Reduce this under-fitting by reducing alpha and increasing number of iterations. Now α = 0.01, non-zero features =8, training and test score increases.

Comparison of coefficient magnitude for two different values of alpha are shown in the left panel of figure 2. For alpha =1, we can see most of the coefficients are zero or nearly zero, which is not the case for alpha=0.01.

Further reduce α =0.0001, non-zero features = 8. Training and test scores are always fairly low compared to basic logistic regression.


**CONCLUSION**

We explored the dataset and we arrived to the conclusion that the features prensent low correlation between each other.

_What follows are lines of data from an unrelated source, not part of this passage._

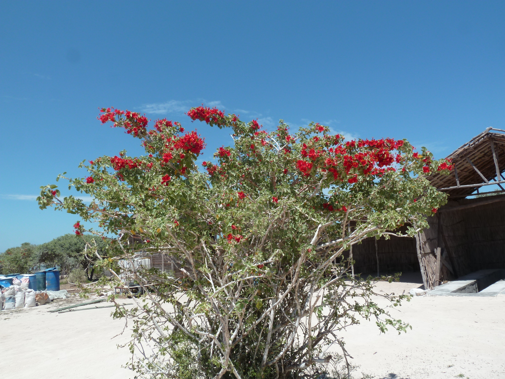 Megistostegium microphyllum at Nosy Hao in front of Andavadoeka (Andavadoaka), Madagascar
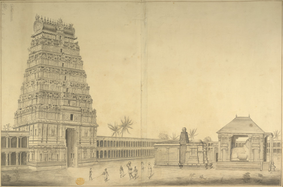 "View of the Pagoda of Chelimbaram [Chidambaram"]
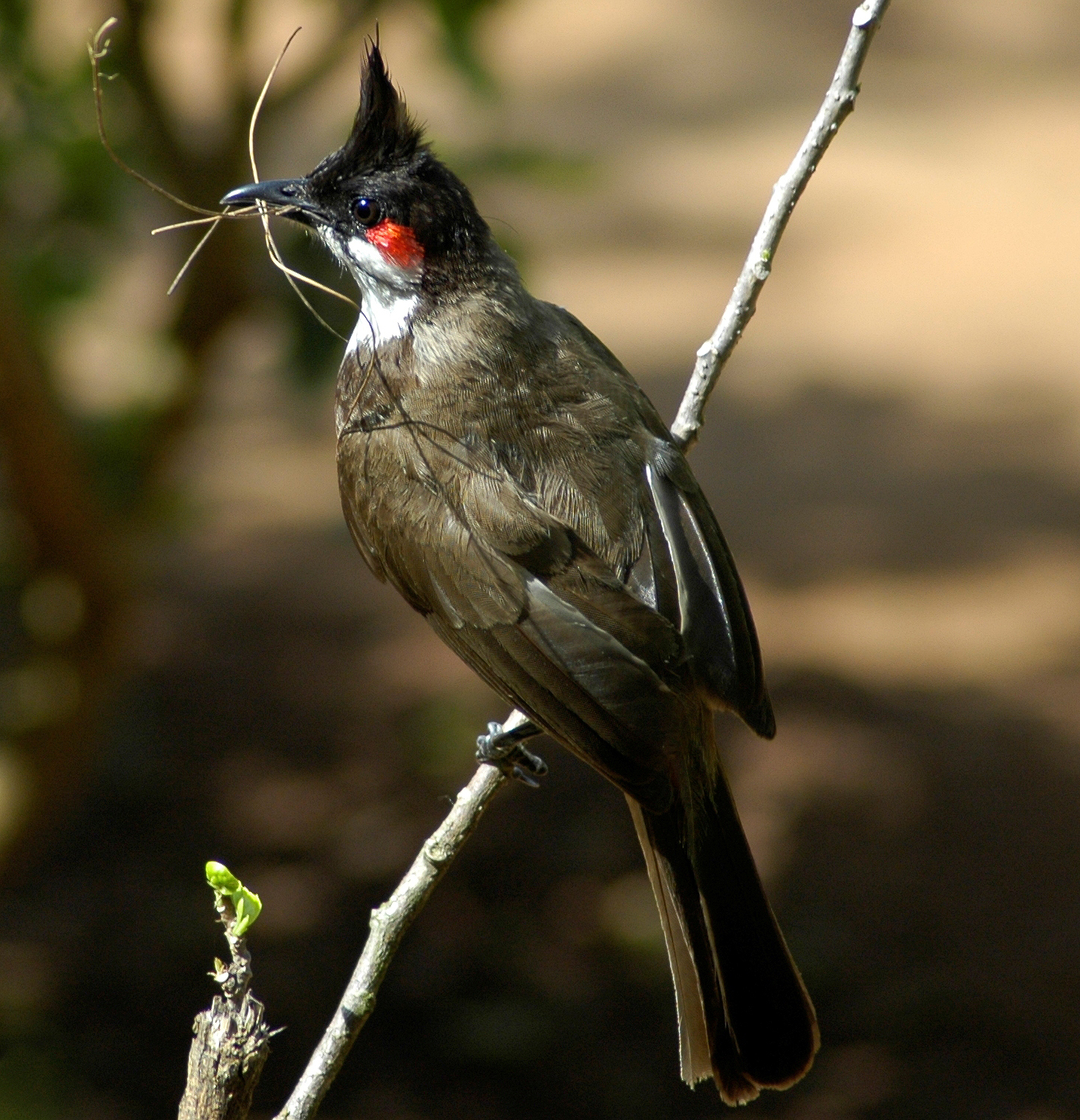 Red-whiskered Bulbul photographed in Karnataka, India.
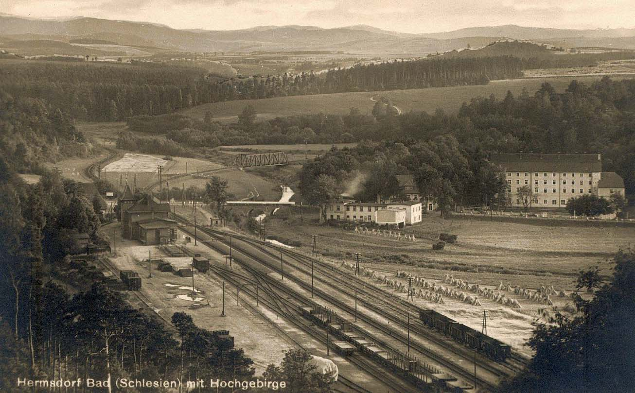 Jerzmanice-Zdroj railway station
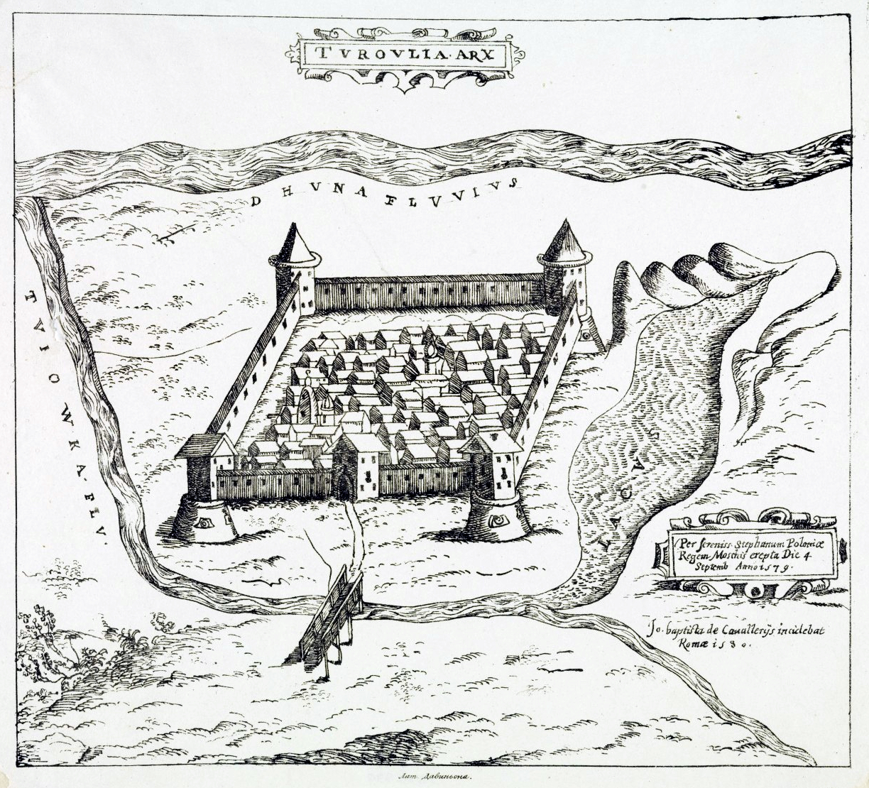 Fortress Turoŭla, Belarus

Just Glucose levels, BMI and Age present a medium-low level of correlation with result (diabetes condition vs not).
After a long process of Handling outliers and dropping null values we splitted the dataset and we have choosen the Logistic regression model to analyze the entire dataset to make prediction. We got a pretty good accuracy rate of 77% using Hyperparameter optimization and model tuning.
Altough, using the polynomial effect we reached an accuracy rate of 71%, so it decreased. Moreover, using Lasso and Ridge regularization, the accuracy dropped at low rates between 22% and 32% for the training set, and between 24% and 28% for test set. This effect is probably due to underfitting. Underfitting occurs when our model fails to capture the underlying trend in our data. Models which underfit our data like in this case have a low Variance and a high Bias and tend to have less features. 
Possible ways to increase the accuracy rate avoiding underfitting are changing algorithm models like as SVM that work better with dataset with limited number of features.